Pathway Comparison Tool¶
Clicking the Pathways icon opens the The Pathway Comparison Tool, which allows researchers to identify a set of metabolic pathways based on taxonomy, EC number, pathway ID, pathway name and/or specific annotation type. Refer to the Pathway Comparison Tool Quick Reference Guide for details on how to use this tool.
Protein Family Sorter¶
Clicking the Families icon opens the the Protein Family Sorter, which allows users to select a set of genomes of interest and examine distribution of protein families across the genomes. Refer to the Protein Family Sorter Quick Reference Guide for details on how to use this tool.
Clicking the Subsystems icon opens the Subsystems Data page which includes a distribution pie chart that summarizes the functionality and genes across all genomes selected and additional information. Refer to the Subystems Data Quick Reference Guide for details on how to use these data.
Overbeek, R. et al. The subsystems approach to genome annotation and its use in the project to annotate 1000 genomes. Nucleic acids research 33, 5691-5702 (2005).

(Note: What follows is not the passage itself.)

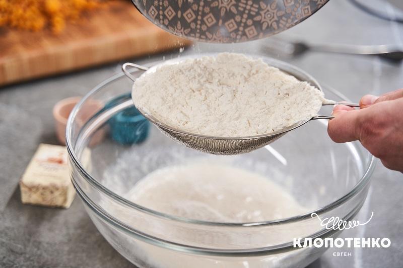 Нагрійте 120 мл молока приблизно до 36°C і вилийте в тарілку для замішування тіста. На молоко висипте 20 г розкришених пресованих дріжджів та 15 г цукру. Перемішайте та дайте їм постояти приблизно 10 хвилин. Просійте 500 г борошна.

Overbeek, R. et al. The SEED and the Rapid Annotation of microbial genomes using Subsystems Technology (RAST). 42, D206-D214 (2013).
Davis, J. J. et al. PATtyFams: Protein families for the microbial genomes in the PATRIC database. 7, 118 (2016).
Brettin, T. et al. RASTtk: a modular and extensible implementation of the RAST algorithm for building custom annotation pipelines and annotating batches of genomes. Scientific reports 5, 8365 (2015).
Kanehisa, M., Furumichi, M., Sato, Y., Kawashima, M. & Ishiguro-Watanabe, M. KEGG for taxonomy-based analysis of pathways and genomes. Nucleic Acids Research (2022).